What needs to be done. Give the data back exactly. Leave out any images.

Data below.
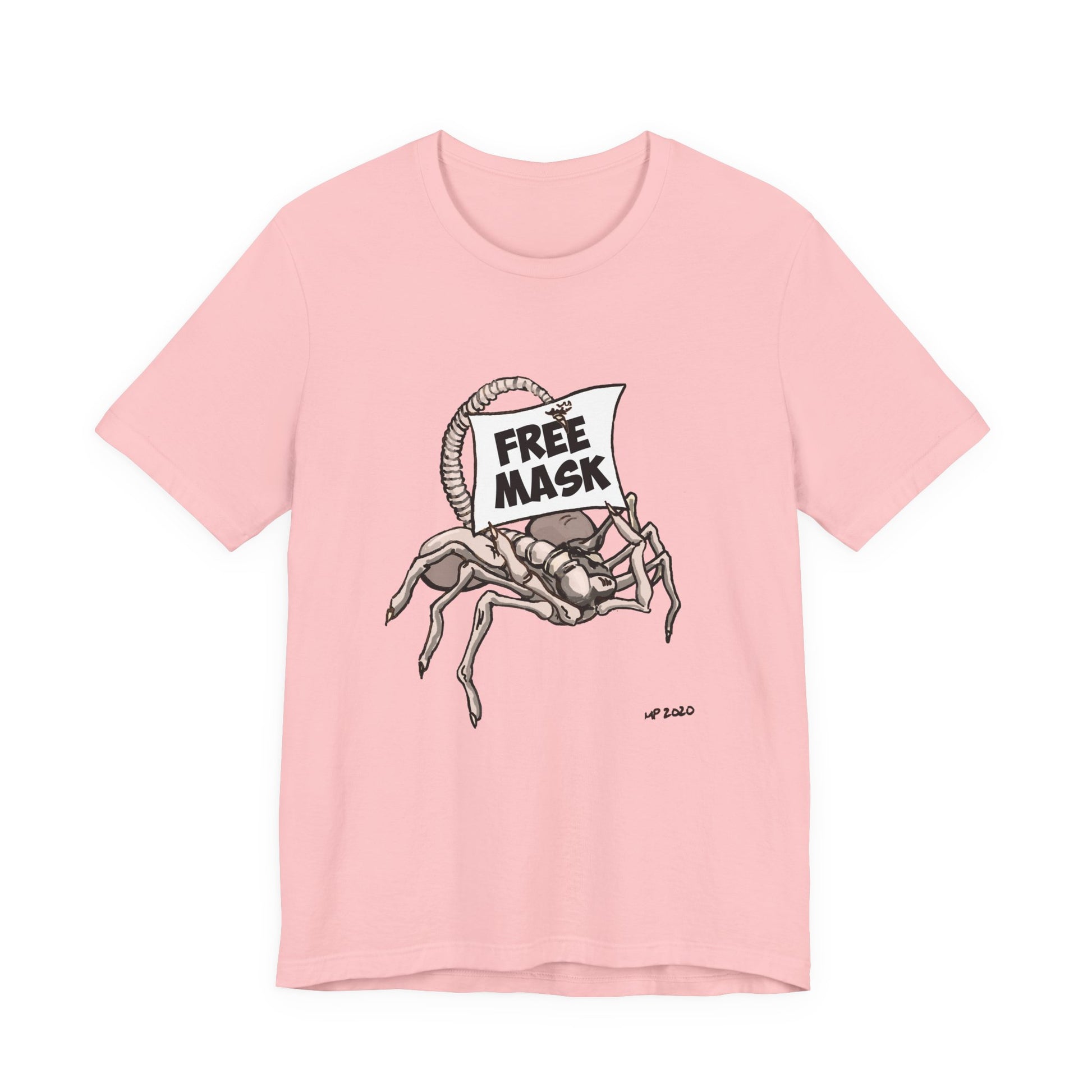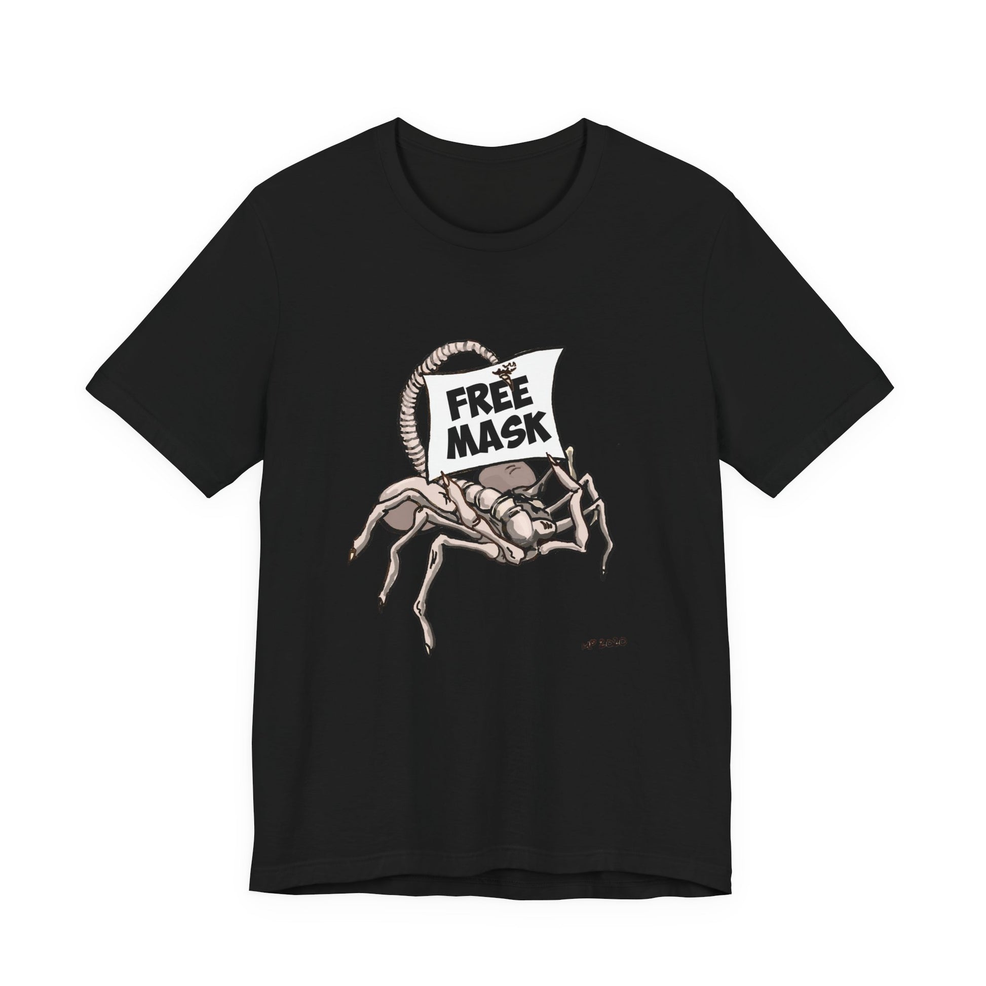 The Free Masks T-Shirt is a humorous and quirky tee inspired by the Face Hugger from Alien, offering 'free masks' to humans. It's perfect for those who love sci-fi and enjoy a playful twist on current events. This shirt is ideal for casual wear and can be a great conversation starter during Halloween or themed parties.
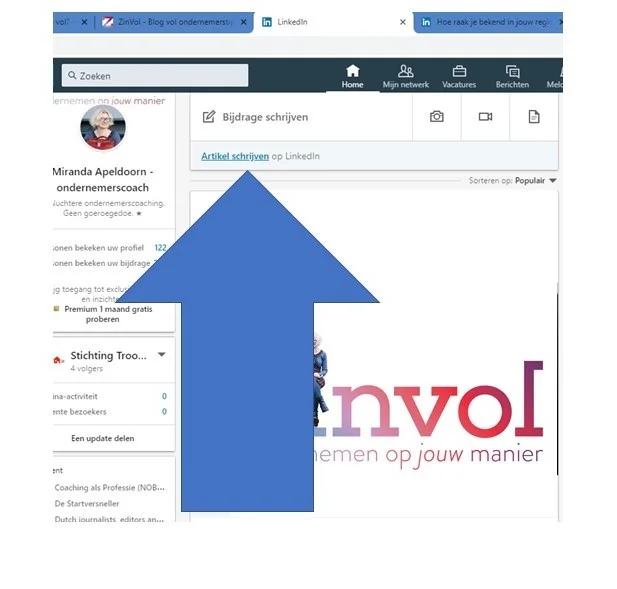 Heel eenvoudig: klik op “Artikel schrijven” in plaats van een Bijdrage te schrijven (Share an update).
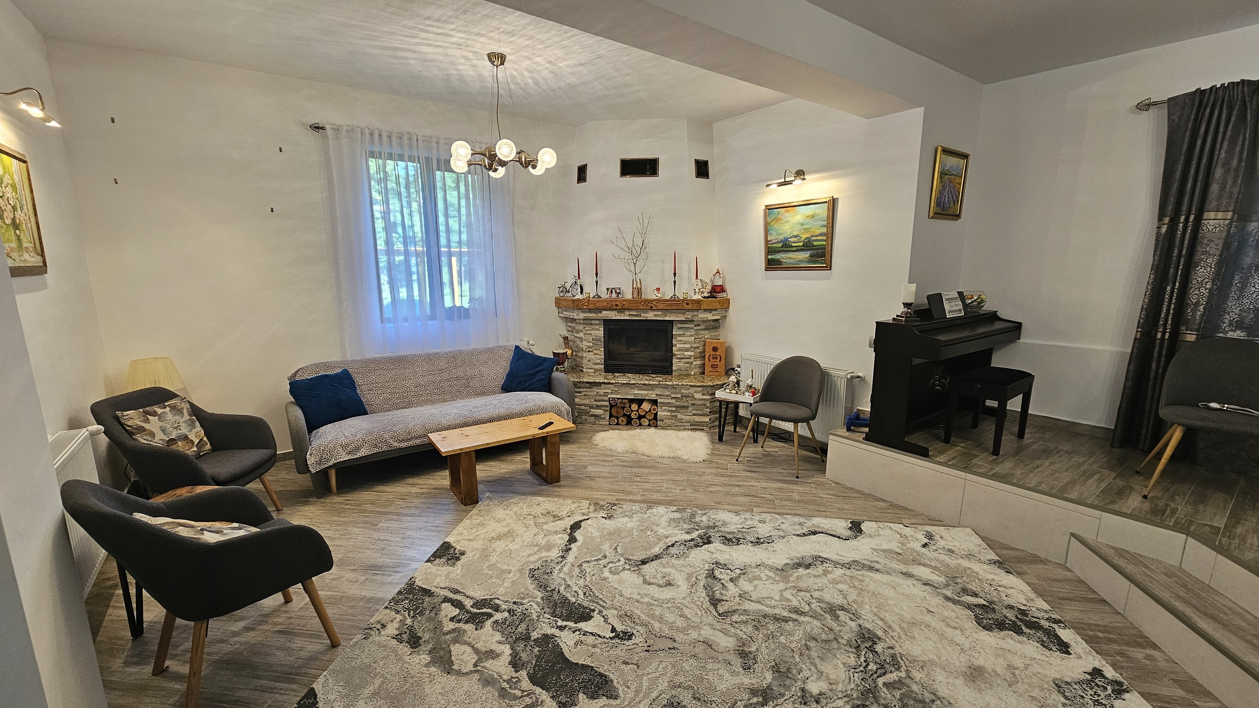 Schimbare totala insatlație sanitara și instalație electrică , calorifere noi -21 buc., centrala pe peleți 40kw nouă cu pornire wifi.

Output for this task.
 The Free Masks T-Shirt is a humorous and quirky tee inspired by the Face Hugger from Alien, offering 'free masks' to humans. It's perfect for those who love sci-fi and enjoy a playful twist on current events. This shirt is ideal for casual wear and can be a great conversation starter during Halloween or themed parties.
 Heel eenvoudig: klik op “Artikel schrijven” in plaats van een Bijdrage te schrijven (Share an update).
 Schimbare totala insatlație sanitara și instalație electrică , calorifere noi -21 buc., centrala pe peleți 40kw nouă cu pornire wifi.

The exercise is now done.